In Paraguay komt hun queeste tijdelijk tot stilstand. Arthur en Carmencita ontmoeten er figuren die Van Amerongen pittoresk probeert weer te geven maar die uiteindelijk danig op elkaar lijken: cokesnuivende arty farty nomaden die tuk zijn op kicks and tricks. De informatie die de schrijver over Paraguay geeft, heb je vaak elders al gelezen: het stikt er van Duitsers met een verdachte stamboom en van rare sektes, en Paraguayanen zijn meestal boers en primitief.

Van Amerongen concentreert zich regelmatig op alles wat hij "kut" vindt in deze wereld en dat durft wel eens te vermoeien. Ook aan drinkgelagen worden flink wat pagina's gespendeerd. Dat levert soms vermakelijk proza op, vooral als Van Amerongen de jaloezie van zijn hoofdpersonage beschrijft wanneer de veel jongere Carmencita loos gaat met andere mannen. Maar als je tijdens het lezen van een roman die op de cover wordt omschreven als "een kruising tussen Cremer, Lowry en Bukowski" voortdurend een beetje op je honger blijft zitten, is er iets aan de hand. De neiging van Carmencita om naar haar rijke ouders in Madrid te vluchten wordt voorspelbaar, net als de morele chantagetechnieken die Arthur gebruikt om haar bij zich te houden.

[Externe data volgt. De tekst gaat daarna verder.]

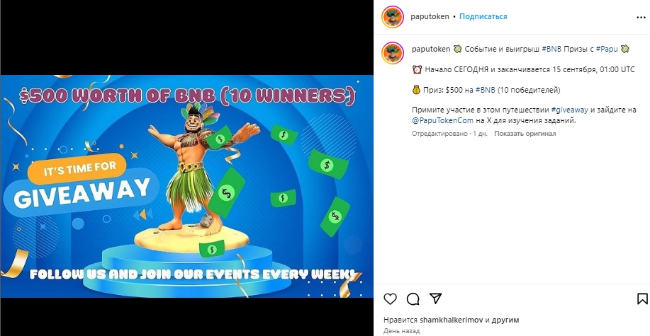 - Инстаграм Papu Token (@paputoken) — 532 подписчика. На данный момент проходит Giveaway с розыгрышем 500$, будет выбрано 10 победителей.

Het is vooral in de herinneringen aan zijn moeder en aan de manier waarop Brussel: Eurabia, zijn kritische boek over de Brusselse islam, in de Lage Landen werd ontvangen, dat Van Amerongen toont dat hij wel degelijk kan schrijven. Parallel met zijn angst voor de teloorgang van zijn relatie - Carmen is in Spanje bij haar familie terwijl hijzelf een interviewreeks over Brussel: Eurabia afwerkt in Nederland en Vlaanderen - wordt de toon waarmee hij over de islam in Brussel praat heftiger. Het is jammer dat deze betrokkenheid dreigt te verdrinken in nogal clichématige beschrijvingen van drankorgieën en drugsuitspattingen die we elders al beter verwoord hebben gelezen.

De stijl is uiteindelijk de achilleshiel van deze roman. Hij is functioneel, maar mist de meeslepende kracht van de schrijvers met wie Van Amerongen blijkbaar wil worden vergeleken. Op pagina 200 zegt Arthur: "Denk maar niet dat ik het leuk vind, maar ik vrees dat ik mislukt ben als schrijver." Oké, dat is een overdrijving: Van Amerongen is niet mislukt, maar hij had zich beter niet vergeleken met een reus als Lowry. Wat overblijft is een naar het einde toe pakkende roman die in wezen meer over welt- schmerz gaat dan over "krankzinnige liefde".